もしCCAアムロが一年戦争にタイムスリップしたら 作:BLAUFALK
同じやり取りの部分は基本的に割愛します。
CCAアムロが徐々に覚醒していきます。
一風呂浴びて2階でバッグに詰め込んで仕度を終える頃にはまたフラウが一階にやってきた。
「アムロまだー?もしかしてまた寝てる!?」
「すぐ行くよ、外で待ってて」
あれはたぶん何かの悪い夢だったのだろう…
寝覚めの悪い夢…
SF映画の観すぎか、はて、最後に観たのはいつだったか。
エレカを表に回しフラウを載せて言われた場所まで転がす。
やたらと不馴れすぎる運転なのはたぶん気のせいだ。
乾ききらない髪をクシャクシャと掻きつつ欠伸ひとつ。
しかし_
この円筒のコロニーにて緑はいくつもあるが、そのなかハッキリと形が見えないが違和感を覚える物体ふたつ_が地表へ落ちていく様子を見逃さなかった。
「何だあれ…」
「何か言ったアムロ?」
「いやほらあそこ、見えるかい?」
「ちょちょっと!よそ見しないでよ!?あっ、でも何かしらあれ…人?」
怪訝な視線を送るが建物や緑に遮られ、到着する頃には見失ってしまった。
既に大勢が並んでおり、急ぎその列に加わわろうと向かったその瞬間_
轟音とともに何かが破壊される爆発が起こった。
それは連続して起こり、逃げ惑う自分達の先方が巻き添えとなり、フラウの祖父と母が無惨に倒れる。遅れて到着したのは幸か不幸か。
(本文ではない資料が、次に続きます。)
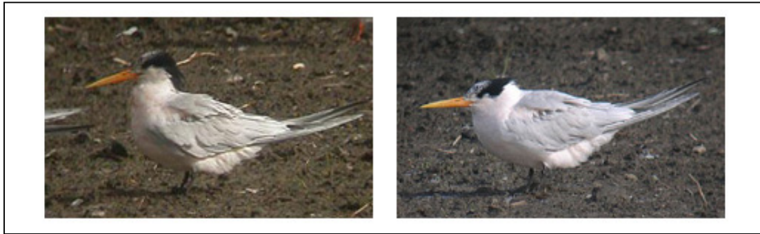
Abb.3: Schmuckseeschwalbe Sterna elegans, Brokdorf, Schleswig-Holstein, 27.09.2004.
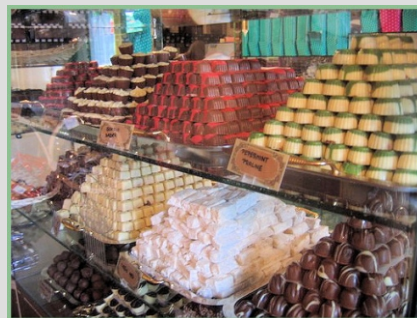
ČOKOLADNICA V OLIMJU
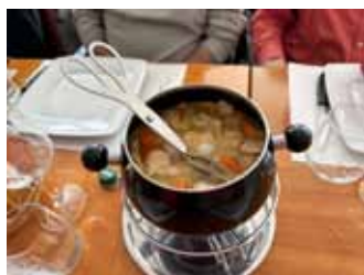
De bonnes tripes ont été dégustées.

S'ensuit le traditionnel repas « tripes » pour la majorité d'entre nous et oufff ! un
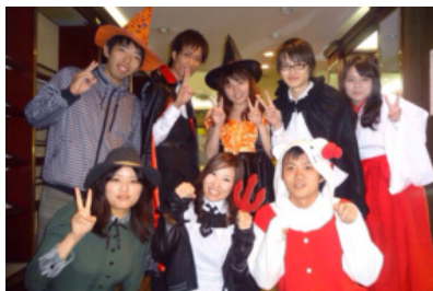
図5 ハローウィンイベント
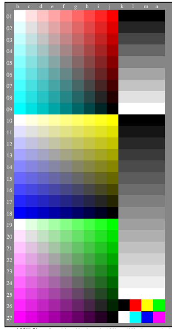
AS590-71 Parte del gráfico de prueba AS59 con 1080 colores; escalas de colores de 9 o 16 pasos; los datos en la columna (b-n): rgb 3-100110-L0 cmy6*

Discriminability de los colores cromáticos Comentarios: Esta prueba utiliza los colores cromáticos de 9 pasos Tono plano Rojo - Azul cyan (filas 01 a 09, columna de la b a la j) Discriminability de 81 colores cromáticos ¿Son todos los 81 colores diferentes? Si/No Solo en casa de "No": ¿Cuántos son diferentes? De los 81 hay different ..... Tono plano Amarillo - Azul (filas 10 a 18, columna de la b a la j) Discriminability de 81 colores cromáticos ¿Son todos los 81 colores diferentes? Si/No Solo en casa de "No": ¿Cuántos son diferentes? De los 81 hay different ..... Tono plano Verde - Rojo magenta (filas 19 a 27, columna de la b a la j) Discriminability de 81 colores cromáticos ¿Son todos los 81 colores diferentes? Si/No Solo en casa de "No": ¿Cuántos son diferentes? De los 81 hay different ..... Resultado: De los 243 (=3x81) colores hay different ..... Los artefactos, por favor especifique si está visible: ..... Comentarios acerca de la creación y el contenido de los archivos PDF: A veces "Suavizado de colores" es una configuración predeterminada. En esta caso los 9 pasos a menudo no son visibles y pueden ser contados como un paso. A veces "la optimización de PDF para la web" es una configuración predeterminada. Por ejemplo, esta opción puede reducir el 1080 colores en una página de 256 colores.
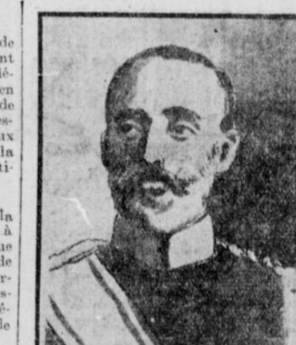
LE GENERAL NOGI, commandant de 7 troupes japonaises qui viennent de forcer Port-Arthur à capituler.

Washington, 3. — Le comte Cassini, ambassadeur russe aux Etats-Unis, a déclaré hier que la perte de Port Arthur n'empêcherait pas la Russie de combattre jusqu'à la fin. La capitulation ne peut qu'éprouver la Russie.
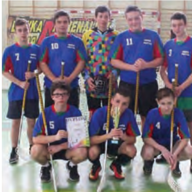
Reprezentacja chłopców Gimnazjum w Pacynie, która zajęła pierwsze miejsce podczas Mistrzostw w Unihokeju w Gostyninie.

Sport szkolny | Mistrzostwa Powiatu w Unihokeju Szkół Gimnazjalnych
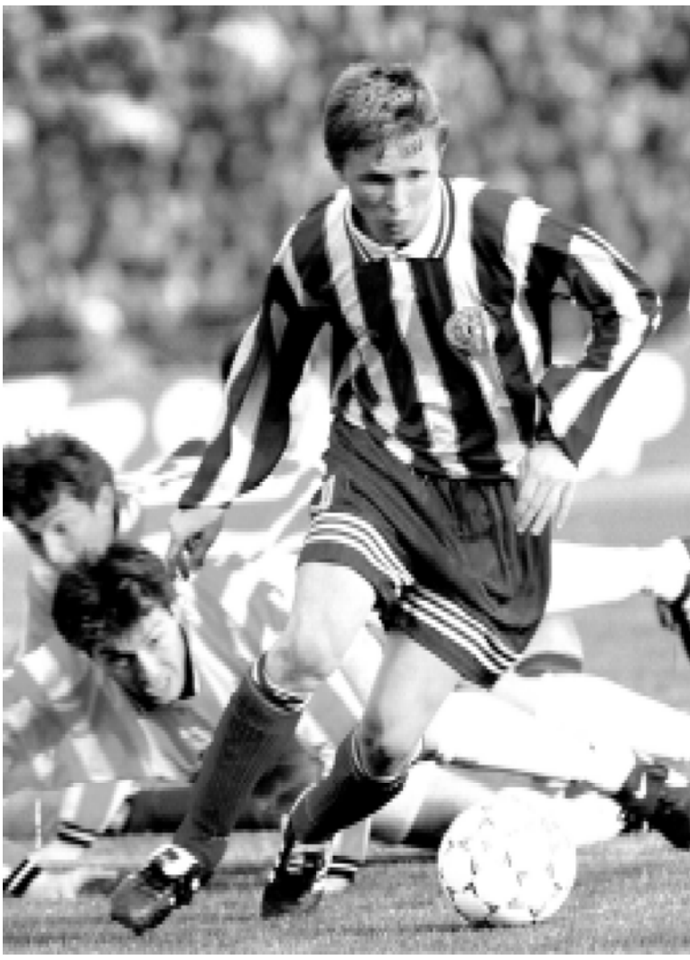
(МКК), который оспаривают сильнейшие клубы двух ведущих футбольных континентов - обладатели Кубка европейских чемпионов (КЕЧ) и Кубка Либертадорес. Год рождения МКК - 1960. С 1980 года инициативу проведения этого суперфинального матча взяли в свои руки японцы, точнее, фирма "Тойота" - генеральный

Таким образом, чаще других - 19 раз - Кубком Либертадорес владеют аргентинские команды. 11 раз он достался бразильцам, 8 - уругвайцам, дважды - парагвайцам и по разу - чилийцам и колумбийцам. Любопытно, что лучший из аргентинских клубов - "Индепендьенте" - владел призом семь раз, причем четыре года подряд (1971-1974) не уступал его никому. Но если лидеру аргентинского футбола удалось завоевать титул лучшего клуба Южной Америки 11 раз, то ни одной из популярных бразильских команд не удалось сделать это более двух раз, причем знаменитый "Сантос" последний свой успех праздновал в 1963 году. Правда, справедливости ради следует отметить, что финалы последних лет проходят под знаком превосходства бразильцев: из восьми турниров (1992-1999) они выиграли пять! Есть еще один турнир, который по своим основаниям можно назвать вершиной кубковых соревнований для клубных команд. Об этом, кстати, свидетельствует и само название - "Межконтинентальный кубок"
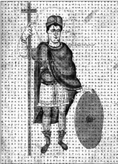
Імператор Людовик Добродушний, до якого прибули представники русів у 839 році. Ватикан, Апостольська бібліотека, Codex Reg. lat 124, f.4v

Оскільки дата була затверджена на найвищому рівні, шукали її підтвердження і в письмових джерелах, але «здобич» навряд чи можна було назвати винятковою. Скажімо, у вірменській «Історії Тарона» початку VII сторіччя знайшли схожу легенду про трьох братів — можливо, запозичили її у мешканців Наддніпрянщини? Так
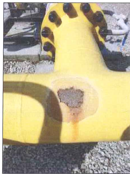
Figura 7: Ferrugem na Tubulação.
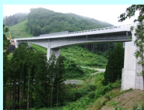
ものくらばし 物倉橋
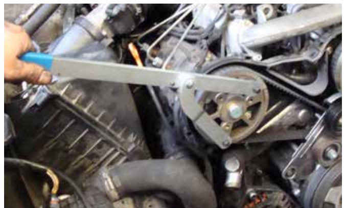
GEGENHALTER FÜR NOCKENWELLENRAD, ART.-NR. 18005
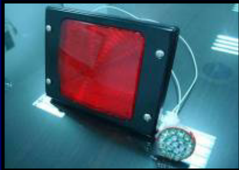
LED閃爍燈 LED Flash Light
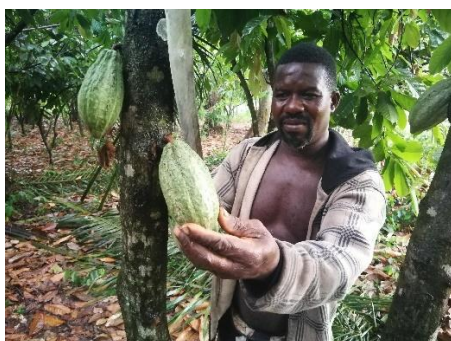
PROCAB, Kpalimé, Togo
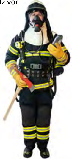
Abb. 1 oben Körperschutz Form 1

Schützt ausschließlich gegen eine Kontamination mit festen Stoffen und stellt einen eingeschränkten Spritzschutz dar. Sie ist weder flüssigkeits- noch gasdicht
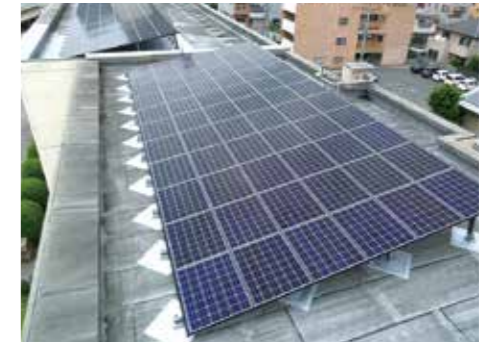
新栄小学校(愛知県名古屋市)
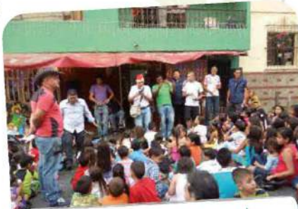
Celebración navideña con los niños
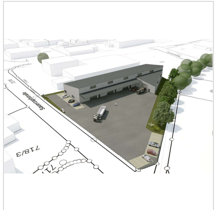
250606 FUNDUS GmbH Nabburg_ent

Das Grundstück befindet sich an der A93 500 Meter entfernt von der Autobahnausfahrt Nabburg - Richtung Norden im entwickelten Industrie- und Gewerbegebiet.
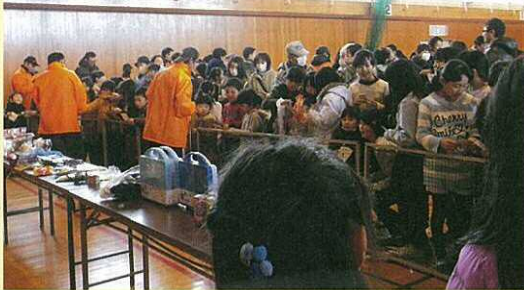
みんな真剣に当たった数字を聞いています。

二月五日(日)に第十七回荻川ちびっ子雪まつりが開催されました。 今年は残念ながら雪は解けてしまいましたので、コミセン体育館での開催になりました。今回もたくさん親子連れが参加し、皆楽しくすごすことができました。 (保健体育部)

フラウに活を入れ、そして道中拾ったファイルを携え、父の後ろにあった見たことのあるモビルスーツへと走る。
「こっ、これは…こんなものを…動かせるのか?」
乗り込んでシートに座り、手が懐かしいと感じるレバーとパネルを手際よく立ち上げていく。
「こいつ…動くぞ」
正面に見据えた、こちらに構えを向けたまま止まっているザクへ60mmバルカンを発砲する。
しかし当たらない、いや次は当てる。
「照準がズレてる!少し右……そこ!!」
ザクがこちらに向けたマシンガンを破壊し、たじろいだ隙に機体を立たせる
「ザクごとき!来るか!?」
ザクが壊れたマシンガンを捨て徒手空拳で向かってくる。もう一機のザクが止めようとしていたがそれを振り払って。
バルカンで胴体を狙ってもシールドを前面にして向かってくるため、脚関節を狙い撃ちする。
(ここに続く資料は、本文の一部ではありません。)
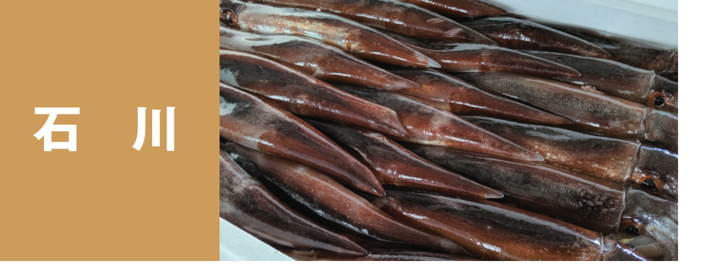
石川 いしかわのアカガレイ、いしかわのマダイ いしかわの柳八目 いしかわの生スルメイカ いしかわの岩がき、いしかわの紅ズワイ いしかわの甘えび、いしかわのノドグロ いしかわのサワラ 加能ガニ、天然能登寒ぶり いしかわの寒鱈
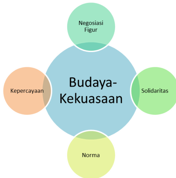
Gambar II. diskursus Budaya dan kekuasaan dalam Arena Demokrasi
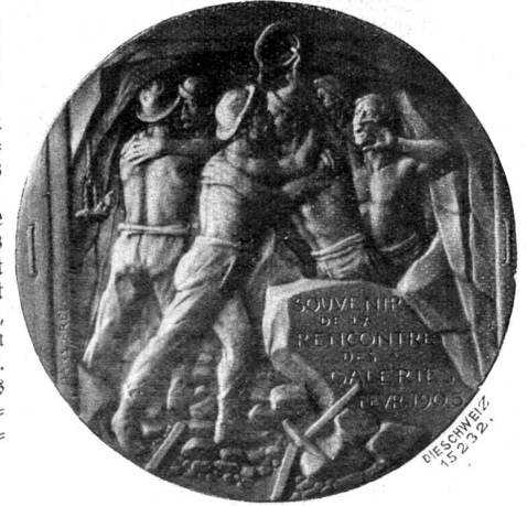
Rückseite der Simplonmedaille von Hans Frei, Basel.
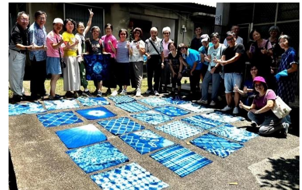
說明：與三峽社大樂齡學員交流藍晒生態
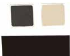
テストプレート (ダメージスレッシュホールド確認用)
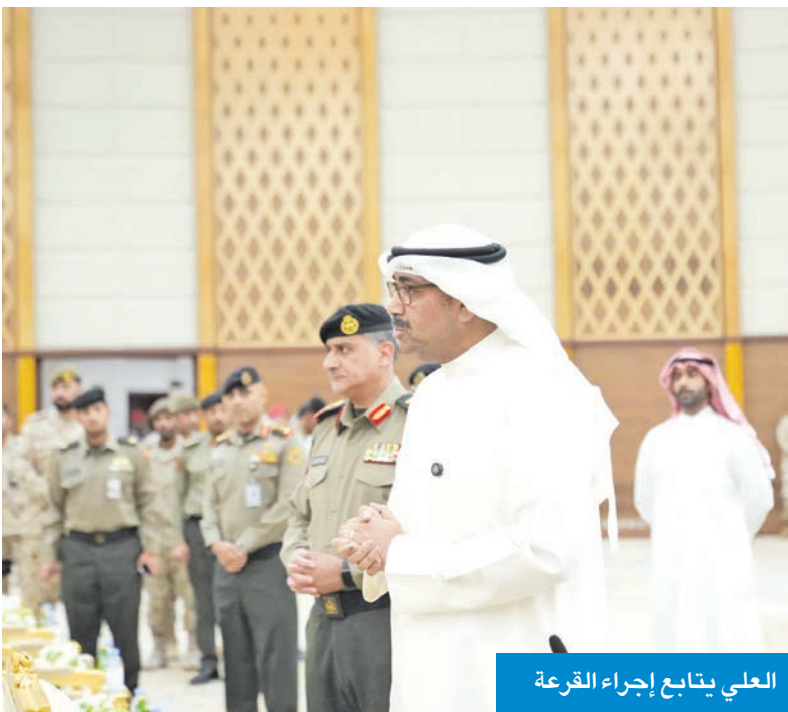
العلي يتابع إجراء القرعة

شهد وزير الدفاع، الشيخ عبدالله العلي، إجراءات القرعة العلنية لاختيار المتقدمات لدورة الطلبة الضباط الدفعة 1 من حملة الشهادة الجامعية للعنصر النسائي التي أجريت، أمس الأول، في مبنى متعدد الأغراض بمعسكرات المباركية. وأكد العلي، خلال عملية القرعة العلنية، وفاء ببيان صحافي لوزارة الدفاع، أمس، حرص الوزارة على ترسيخ مبدأ الشفافية وتكافؤ الفرص. كما أشاد وزير الدفاع بالإجراءات التنظيمية التي تضمن العدالة في اختيار المرشحات وفق معايير واضحة ونزيهة. حضر إجراءات القرعة نائب رئيس الأركان العامة للجيش اللواء الركن الطيار صباح الجابر، وأمر كلية علي الصباح العسكرية العميد الركن عبدالله التركيت، وعدد من كبار الضباط القادة. وبلغ عدد المتقدمات 654، في حين بلغ عدد المقترعات 112، وتم قبول 51 مرشحة، كما تم اختيار 18 مرشحة ضمن قائمة الاحتياطي موزعات على التخصصات العلمية والأدبية وفق احتياجات القوات المسلحة.
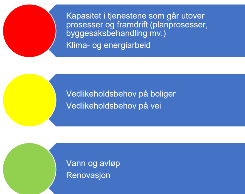
Figur 7. Risikovurdering teknisk

Figuren nedenfor oppsummer risikovurderingene innenfor teknisk drift. Under følger en nærmere beskrivelse av data som er grunnlag for vurderingen.
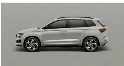
Sivá Steel, uni
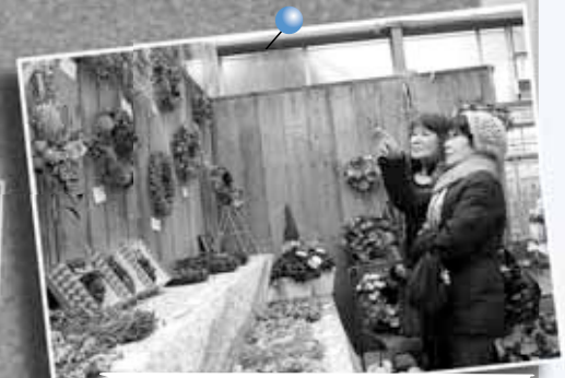
11/18 クリスマスディスプレイ展 ～百合が原公園
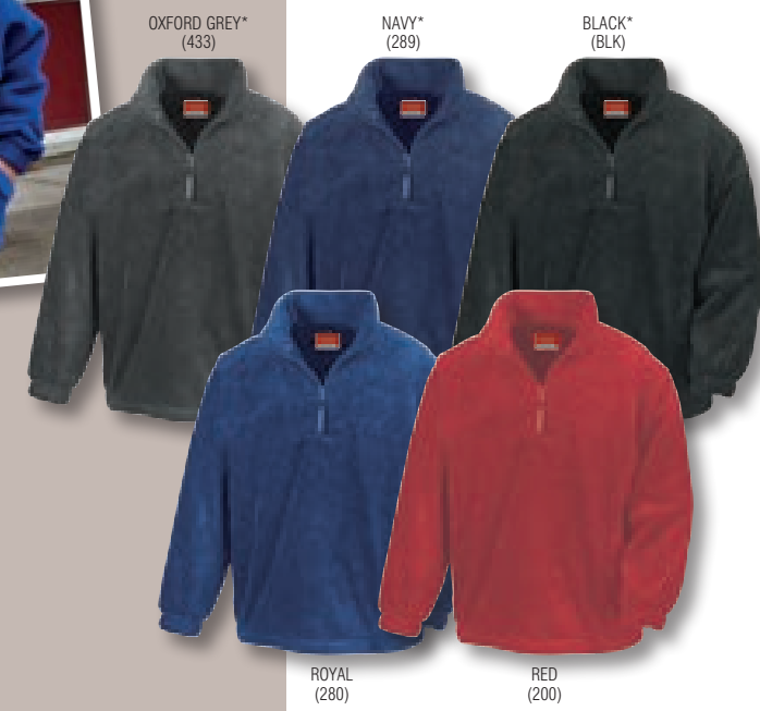
OXFORD GREY* (433)

auch für Kinder und Jugendliche erhältlich (Seite 390)
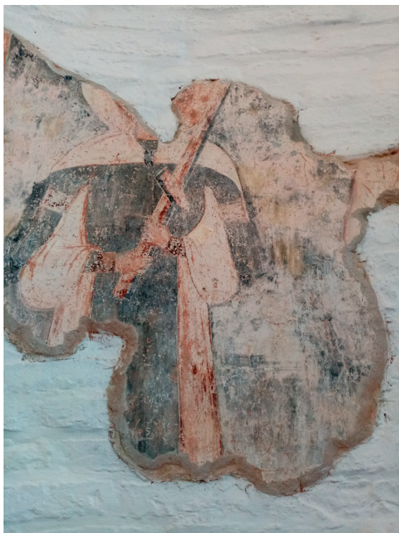
Sl. 8. Svetište crkve Rođenja Presvete Bogorodice, Koprivna: mogući prikaz sv. Jurja

膝をついたところで蹴り上げ、倒れたところでザクのメインカメラをサーベルで突き、さらに潰れはしないだろうが、コックピットブロックの上を踏みつける。
回線を弄りオープンチャンネルで呼び掛ける。
「武器を捨ててモビルスーツから降りて下さい!コロニー内で戦闘することの意味が分かっているんですか!」
有無を言わさぬ迫力…には程遠い、何せ子供の声である。しかし正論をもう一機ザクにぶつけるが、却ってこちらに突進してくる。
先のザクと同じ運命を辿り、瞬く間にメインカメラを潰し、関節を撃ち抜き、トドメにコックピットブロックへダイレクトに衝撃を与えて沈めた。
「アムロ!そこでなにをやっているんだ!降りなさい!」
父からの回線を通した呼び掛けの直後、コロニーの外からビームが6発、3門分迸り、周囲のモノや倒したザクまでもが吸いだされてしまう。そしてガンダムも耐えきれず外に放り出されてしまった。